The knight looked at them with a faint smile “For those who stood against me it seems that this fact rings true. But the truth is that I do not really know how many I have slain. But all you need to know is that it was not out of the emotions they claim.”

“Then what were the reasons for such actions great knight? Surely from what you are gesturing there must be another cause.” Theolan said.

“The reasons for my bloody victories can only be explained through the story of my life. However my tale is long and tiresome to the impatient.” The knight explained.

“We have a ways to go before we reach the human settlement… And to be honest I would like to hear your words. I mean, the stories of my father’s father paint a picture of a monster. But yet, here you are, not even displaying an ounce of your supposed character.” Theolan encouraged weakly.

“Yes great knight, I too would like to hear your side. Besides, I love stories!” Anastasia added.

The Black Knight sighed in gratitude as he began to organize his thoughts for them.

“You are right about the time. The night is still young and I do believe that you are open enough to here my side unlike what those who hate me speak of. My journey of who I am began when I was a young lad. I lived on a farm with my father and older sister, my mother passed away when I was merely a babe. I remember the day when the king’s men came to my door and wished to speak with me. What they said was that I was chosen to be drafted into the army, for our numbers were low against the forces of the Kingdom of Bulgar. So taking the mantle of responsibility I kissed my sister goodbye and my father farewell and set off the next day.”

“Are you speaking of the war in where my father’s father’s kingdom set off to conquer the lands of men? If so that was about two hundred years ago.” Theolan asked.

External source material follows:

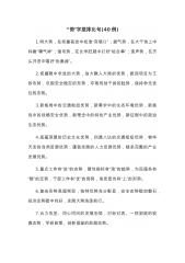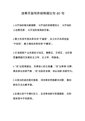 “心”字型有关排比句大全(40条)本期主题:“心”字型(二)1.“长风破浪会有时”的雄心壮志,“咬定青山不放松”的决心毅力,“衣带渐宽终不悔”的恒心意志。2.以一颗感恩心对待组织,以一颗进取心对待工作,以一颗平常心对待生活,以一颗友爱心对待同志。3.心中有民,锤炼为民务实清廉的作风;心中有责,锤炼担当负责进取的精神;心中有戒,锤炼讲规矩明底线的行为规范。4.一心向党、对党忠诚,一心为民、坚守初心,一心干事、扛牢使命,一心奉公、严以律己。5.只要企业遇到困难,就要心底无私地为企业“排雷”;只要企业发展需要,就要心清如水地为企业“站台”。6..心平气和,群众才能开心;心如磐石,群众才能安心;心口如...

“Yes, it was that war. I thought they were to place me in the files of the other troops, expecting to join the cohorts of the spearmen or pikemen. But too much surprise I was placed with the men of the front line, the men who were responsible to lead a charge in which death was almost a certainty. Thus I was simply given a two handed great sword, a breast plate and a armet. That moment, you can say, was the beginning of my reputation as a crazed warrior.”

“How so?” Anastasia asked.

“War can do many things to one man’s view of life” the Black Knight said sadly. “Being the one to lead the assault, I saw much of my brother’s lives lost in a blink of an eye when were stormed the front of the archers. They dropped like weak trees in a midst of a godly hurricane, leaving the numbers of the assault from promising to almost nothing. Such a bond I had with them though did not discourage me to stop and morn. In fact, it did not weigh my heart down, but set it aflame with hate. Within an hour I had butchered more elves than an entire cohort of knights. I lost count after killing around two hundred of them.”

The two siblings shivered at the though of such carnage. Even though they have never seen blood spilled in such a manner, their vivid imaginations painted the perfect picture of such carnage.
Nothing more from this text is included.